* _TASK REQUIREMENTS_
Nothing but the text should be carried over: reproduce all the data exactly and leave out every image.

* _SUPPLIED MATERIAL_
○ ○ ○ ○ ○
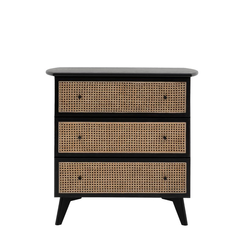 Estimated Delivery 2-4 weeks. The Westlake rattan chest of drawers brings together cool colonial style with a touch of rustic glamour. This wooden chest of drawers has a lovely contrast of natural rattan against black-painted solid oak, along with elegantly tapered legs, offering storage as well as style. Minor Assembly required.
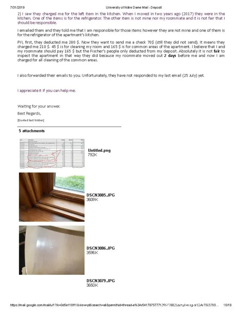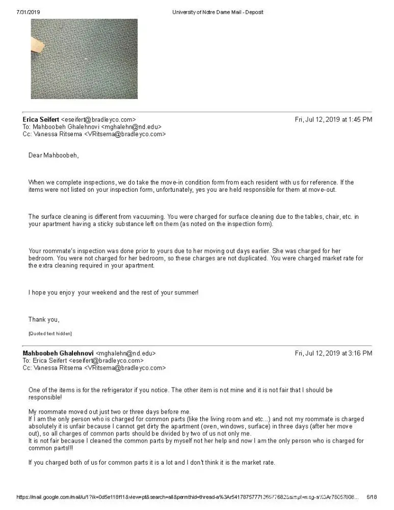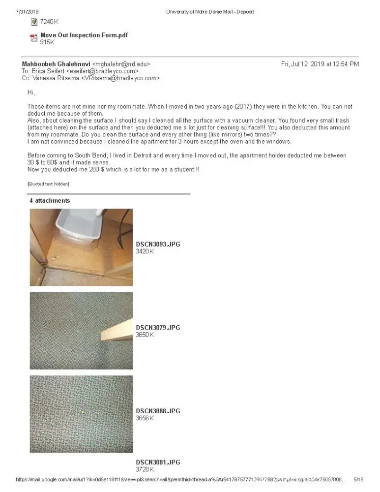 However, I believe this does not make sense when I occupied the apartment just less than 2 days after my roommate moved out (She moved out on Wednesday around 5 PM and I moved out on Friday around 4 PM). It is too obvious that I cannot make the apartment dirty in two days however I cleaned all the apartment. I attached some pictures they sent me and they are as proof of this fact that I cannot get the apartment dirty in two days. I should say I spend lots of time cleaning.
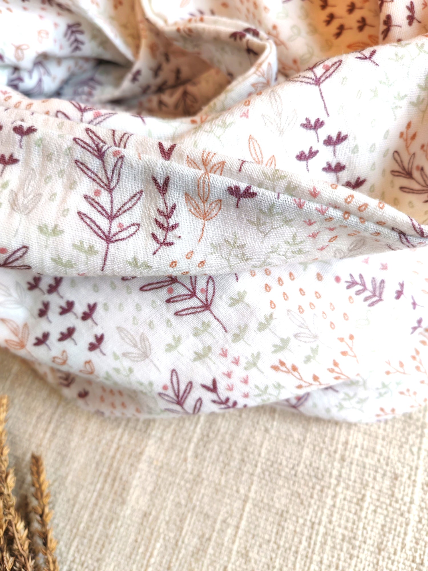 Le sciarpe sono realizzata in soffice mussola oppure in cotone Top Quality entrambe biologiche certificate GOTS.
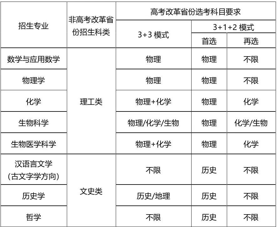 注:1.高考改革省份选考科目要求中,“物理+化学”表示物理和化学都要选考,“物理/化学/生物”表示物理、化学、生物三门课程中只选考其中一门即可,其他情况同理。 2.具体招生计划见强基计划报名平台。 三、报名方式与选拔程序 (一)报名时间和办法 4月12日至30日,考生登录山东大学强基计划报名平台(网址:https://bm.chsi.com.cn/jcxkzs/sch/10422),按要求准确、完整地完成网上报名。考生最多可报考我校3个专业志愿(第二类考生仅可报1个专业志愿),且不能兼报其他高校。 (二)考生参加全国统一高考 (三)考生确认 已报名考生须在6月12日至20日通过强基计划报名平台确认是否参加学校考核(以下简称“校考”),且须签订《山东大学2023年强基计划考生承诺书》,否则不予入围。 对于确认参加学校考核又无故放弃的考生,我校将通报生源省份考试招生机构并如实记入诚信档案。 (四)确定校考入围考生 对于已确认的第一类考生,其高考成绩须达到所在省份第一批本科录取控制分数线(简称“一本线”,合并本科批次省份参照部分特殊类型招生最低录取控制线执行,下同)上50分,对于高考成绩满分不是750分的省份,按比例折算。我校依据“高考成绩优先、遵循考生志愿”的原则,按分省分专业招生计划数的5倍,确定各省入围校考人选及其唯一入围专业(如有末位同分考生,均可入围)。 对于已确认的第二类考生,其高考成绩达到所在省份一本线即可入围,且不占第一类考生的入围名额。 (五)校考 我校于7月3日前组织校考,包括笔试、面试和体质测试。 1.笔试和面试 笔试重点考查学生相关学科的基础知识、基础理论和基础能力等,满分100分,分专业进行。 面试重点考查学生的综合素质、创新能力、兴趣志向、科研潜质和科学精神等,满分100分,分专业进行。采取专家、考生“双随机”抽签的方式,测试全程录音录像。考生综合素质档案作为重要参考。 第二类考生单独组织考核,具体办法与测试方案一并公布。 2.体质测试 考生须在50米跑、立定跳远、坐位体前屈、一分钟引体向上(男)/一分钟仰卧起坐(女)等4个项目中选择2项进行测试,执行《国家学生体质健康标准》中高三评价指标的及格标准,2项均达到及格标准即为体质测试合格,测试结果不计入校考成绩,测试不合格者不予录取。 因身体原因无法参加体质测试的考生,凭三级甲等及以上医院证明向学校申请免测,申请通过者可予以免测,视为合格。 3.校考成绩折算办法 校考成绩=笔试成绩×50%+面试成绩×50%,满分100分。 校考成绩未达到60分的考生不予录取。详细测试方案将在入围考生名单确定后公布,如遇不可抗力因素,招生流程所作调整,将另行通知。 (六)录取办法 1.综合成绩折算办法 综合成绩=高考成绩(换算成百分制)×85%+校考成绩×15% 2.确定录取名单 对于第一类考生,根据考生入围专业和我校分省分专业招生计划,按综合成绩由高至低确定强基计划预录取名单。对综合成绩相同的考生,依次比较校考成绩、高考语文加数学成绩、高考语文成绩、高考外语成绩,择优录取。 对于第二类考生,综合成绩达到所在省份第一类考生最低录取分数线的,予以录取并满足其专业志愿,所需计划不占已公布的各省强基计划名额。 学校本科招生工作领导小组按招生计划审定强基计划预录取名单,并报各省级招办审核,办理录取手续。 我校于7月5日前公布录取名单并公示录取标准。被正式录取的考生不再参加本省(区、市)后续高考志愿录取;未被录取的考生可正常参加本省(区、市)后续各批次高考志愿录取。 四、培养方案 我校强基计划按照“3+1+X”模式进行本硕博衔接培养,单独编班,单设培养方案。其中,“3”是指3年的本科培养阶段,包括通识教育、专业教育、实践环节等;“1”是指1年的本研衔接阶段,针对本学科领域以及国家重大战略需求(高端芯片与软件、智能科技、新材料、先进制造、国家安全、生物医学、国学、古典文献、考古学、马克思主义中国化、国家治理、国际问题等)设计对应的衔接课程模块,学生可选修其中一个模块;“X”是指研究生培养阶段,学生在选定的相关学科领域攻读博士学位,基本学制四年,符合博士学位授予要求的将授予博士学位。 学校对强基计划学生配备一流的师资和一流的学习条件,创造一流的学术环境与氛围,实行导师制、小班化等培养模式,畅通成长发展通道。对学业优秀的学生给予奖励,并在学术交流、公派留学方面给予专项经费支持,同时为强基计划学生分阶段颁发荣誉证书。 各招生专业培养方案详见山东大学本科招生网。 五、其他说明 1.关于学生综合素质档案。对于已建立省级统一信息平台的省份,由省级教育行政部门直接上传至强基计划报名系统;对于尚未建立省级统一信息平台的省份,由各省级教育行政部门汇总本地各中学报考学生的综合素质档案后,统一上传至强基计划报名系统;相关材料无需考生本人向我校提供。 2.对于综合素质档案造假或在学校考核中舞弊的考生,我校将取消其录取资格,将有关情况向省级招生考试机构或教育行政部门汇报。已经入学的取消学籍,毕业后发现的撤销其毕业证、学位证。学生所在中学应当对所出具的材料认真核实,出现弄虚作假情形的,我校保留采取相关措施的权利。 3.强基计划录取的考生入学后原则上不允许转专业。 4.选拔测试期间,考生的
○ ○ ○ ○ ○
* _WORKED SOLUTION_
 Estimated Delivery 2-4 weeks. The Westlake rattan chest of drawers brings together cool colonial style with a touch of rustic glamour. This wooden chest of drawers has a lovely contrast of natural rattan against black-painted solid oak, along with elegantly tapered legs, offering storage as well as style. Minor Assembly required.
 However, I believe this does not make sense when I occupied the apartment just less than 2 days after my roommate moved out (She moved out on Wednesday around 5 PM and I moved out on Friday around 4 PM). It is too obvious that I cannot make the apartment dirty in two days however I cleaned all the apartment. I attached some pictures they sent me and they are as proof of this fact that I cannot get the apartment dirty in two days. I should say I spend lots of time cleaning.
 Le sciarpe sono realizzata in soffice mussola oppure in cotone Top Quality entrambe biologiche certificate GOTS.
 注:1.高考改革省份选考科目要求中,“物理+化学”表示物理和化学都要选考,“物理/化学/生物”表示物理、化学、生物三门课程中只选考其中一门即可,其他情况同理。 2.具体招生计划见强基计划报名平台。 三、报名方式与选拔程序 (一)报名时间和办法 4月12日至30日,考生登录山东大学强基计划报名平台(网址:https://bm.chsi.com.cn/jcxkzs/sch/10422),按要求准确、完整地完成网上报名。考生最多可报考我校3个专业志愿(第二类考生仅可报1个专业志愿),且不能兼报其他高校。 (二)考生参加全国统一高考 (三)考生确认 已报名考生须在6月12日至20日通过强基计划报名平台确认是否参加学校考核(以下简称“校考”),且须签订《山东大学2023年强基计划考生承诺书》,否则不予入围。 对于确认参加学校考核又无故放弃的考生,我校将通报生源省份考试招生机构并如实记入诚信档案。 (四)确定校考入围考生 对于已确认的第一类考生,其高考成绩须达到所在省份第一批本科录取控制分数线(简称“一本线”,合并本科批次省份参照部分特殊类型招生最低录取控制线执行,下同)上50分,对于高考成绩满分不是750分的省份,按比例折算。我校依据“高考成绩优先、遵循考生志愿”的原则,按分省分专业招生计划数的5倍,确定各省入围校考人选及其唯一入围专业(如有末位同分考生,均可入围)。 对于已确认的第二类考生,其高考成绩达到所在省份一本线即可入围,且不占第一类考生的入围名额。 (五)校考 我校于7月3日前组织校考,包括笔试、面试和体质测试。 1.笔试和面试 笔试重点考查学生相关学科的基础知识、基础理论和基础能力等,满分100分,分专业进行。 面试重点考查学生的综合素质、创新能力、兴趣志向、科研潜质和科学精神等,满分100分,分专业进行。采取专家、考生“双随机”抽签的方式,测试全程录音录像。考生综合素质档案作为重要参考。 第二类考生单独组织考核,具体办法与测试方案一并公布。 2.体质测试 考生须在50米跑、立定跳远、坐位体前屈、一分钟引体向上(男)/一分钟仰卧起坐(女)等4个项目中选择2项进行测试,执行《国家学生体质健康标准》中高三评价指标的及格标准,2项均达到及格标准即为体质测试合格,测试结果不计入校考成绩,测试不合格者不予录取。 因身体原因无法参加体质测试的考生,凭三级甲等及以上医院证明向学校申请免测,申请通过者可予以免测,视为合格。 3.校考成绩折算办法 校考成绩=笔试成绩×50%+面试成绩×50%,满分100分。 校考成绩未达到60分的考生不予录取。详细测试方案将在入围考生名单确定后公布,如遇不可抗力因素,招生流程所作调整,将另行通知。 (六)录取办法 1.综合成绩折算办法 综合成绩=高考成绩(换算成百分制)×85%+校考成绩×15% 2.确定录取名单 对于第一类考生,根据考生入围专业和我校分省分专业招生计划,按综合成绩由高至低确定强基计划预录取名单。对综合成绩相同的考生,依次比较校考成绩、高考语文加数学成绩、高考语文成绩、高考外语成绩,择优录取。 对于第二类考生,综合成绩达到所在省份第一类考生最低录取分数线的,予以录取并满足其专业志愿,所需计划不占已公布的各省强基计划名额。 学校本科招生工作领导小组按招生计划审定强基计划预录取名单,并报各省级招办审核,办理录取手续。 我校于7月5日前公布录取名单并公示录取标准。被正式录取的考生不再参加本省(区、市)后续高考志愿录取;未被录取的考生可正常参加本省(区、市)后续各批次高考志愿录取。 四、培养方案 我校强基计划按照“3+1+X”模式进行本硕博衔接培养,单独编班,单设培养方案。其中,“3”是指3年的本科培养阶段,包括通识教育、专业教育、实践环节等;“1”是指1年的本研衔接阶段,针对本学科领域以及国家重大战略需求(高端芯片与软件、智能科技、新材料、先进制造、国家安全、生物医学、国学、古典文献、考古学、马克思主义中国化、国家治理、国际问题等)设计对应的衔接课程模块,学生可选修其中一个模块;“X”是指研究生培养阶段,学生在选定的相关学科领域攻读博士学位,基本学制四年,符合博士学位授予要求的将授予博士学位。 学校对强基计划学生配备一流的师资和一流的学习条件,创造一流的学术环境与氛围,实行导师制、小班化等培养模式,畅通成长发展通道。对学业优秀的学生给予奖励,并在学术交流、公派留学方面给予专项经费支持,同时为强基计划学生分阶段颁发荣誉证书。 各招生专业培养方案详见山东大学本科招生网。 五、其他说明 1.关于学生综合素质档案。对于已建立省级统一信息平台的省份,由省级教育行政部门直接上传至强基计划报名系统;对于尚未建立省级统一信息平台的省份,由各省级教育行政部门汇总本地各中学报考学生的综合素质档案后,统一上传至强基计划报名系统;相关材料无需考生本人向我校提供。 2.对于综合素质档案造假或在学校考核中舞弊的考生,我校将取消其录取资格,将有关情况向省级招生考试机构或教育行政部门汇报。已经入学的取消学籍,毕业后发现的撤销其毕业证、学位证。学生所在中学应当对所出具的材料认真核实,出现弄虚作假情形的,我校保留采取相关措施的权利。 3.强基计划录取的考生入学后原则上不允许转专业。 4.选拔测试期间,考生的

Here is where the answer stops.